In mid-2022, U.S. life and health insurers were struggling to keep employees.
Today, “the environment is quite a bit calmer,” Jeff Rieder, head of Aon’s Ward unit, said Wednesday, during a webinar held to present the results of a new quarterly U.S. insurance labor market survey. “We hope that continues.”
Although the insurance labor market is somewhat cooler, 89% of U.S. life and health insurers plan to increase or maintain staffing over the next 12 months, and 33% say they believe it’s even more difficult to hire now than it was a year ago, according to results of the survey.
What It Means
From the perspective of the staffing firms, the companies behind your clients’ life, health and annuity products look stable.
The Study
Ward, a Cincinnati-based business benchmarking firm, conducted the survey together with the Jacobson Group, a Chicago-based insurance industry executive search and staffing firm.
The companies do not disclose the participant count to the general public, but based on information Rieder and Greg Jacobson, the Jacobson Group’s CEO, gave during the webinar, the sample appears to have included about 75 insurers with a total of 193,000 employees.
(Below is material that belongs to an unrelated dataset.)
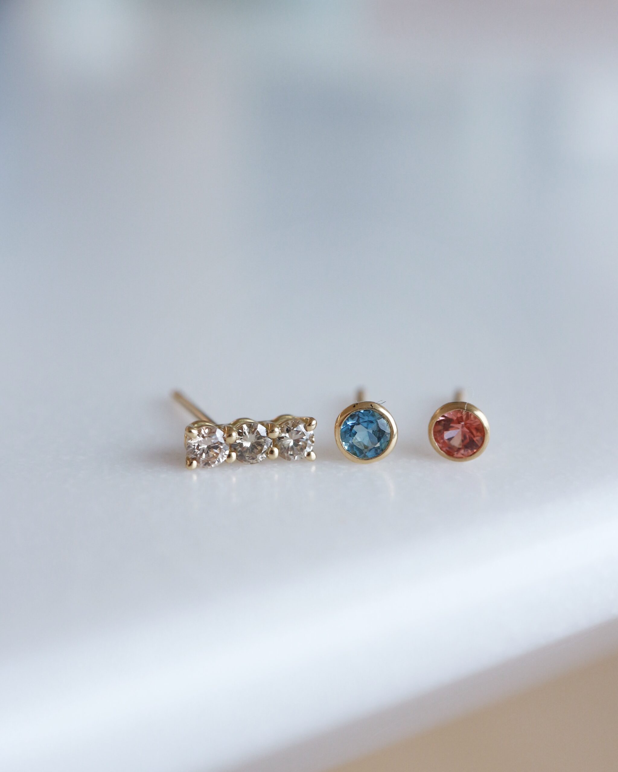 日常使いしやすいシンプルなデザインを軸に、オレンジサファイア、サンタマリアアクアマリン、ブラウンダイヤモンドなど、デザイナーが厳選した天然石を主役に据えたスタッドピアス。
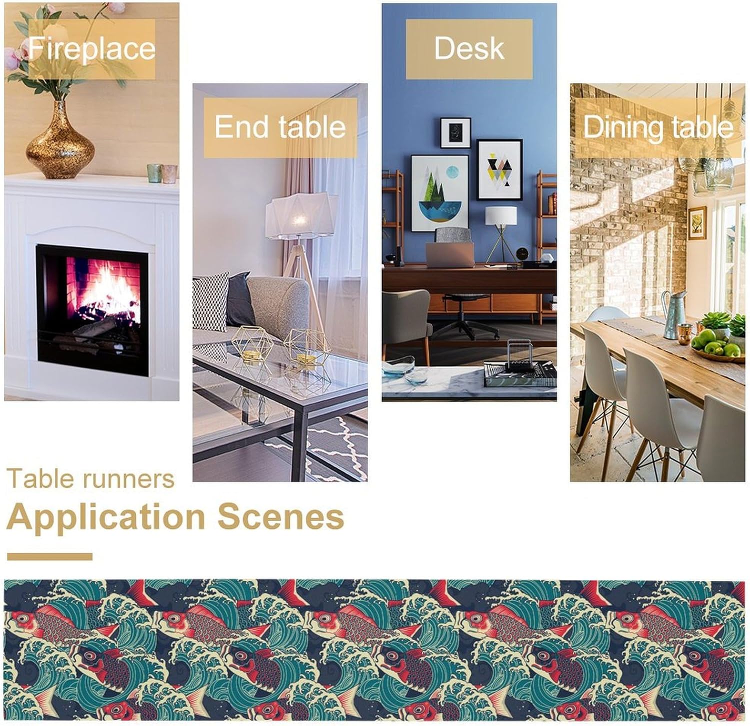 Kio Fish Table Runner Waves Japanese Tradition Art Printed Burlap Runner Home Kitchen Dining Table Living Room Decor Fabric 1 Panel W13xL70in

The life and health numbers may have come from nine companies with about 60,000 employees.
The industry survey began in 2009, as the insurance industry was in the midst of the 2007-2009 Great Recession.
The Results
Here are 12 takeaways about insurance industry staffing and employee compensation from the latest survey results.
1. Life and health insurer staffing was better than expected.
A year ago, 61% of the participating employers said they expected to increase staffing, 30% said they expected to keep staffing the same, and 9% said they expected to cut staffing.
In reality, 67% increased staffing, 33% held staffing the same and none decreased staffing.
2. The future looks good.
Today, 56% of the life and health insurers are predicting that they will increase staffing in the next 12 months, and 33% expect to hold staffing steady. About 11% anticipate a decrease.
If the insurers’ predictions come true, they will probably increase their total headcount by about 0.5%, according to the survey team.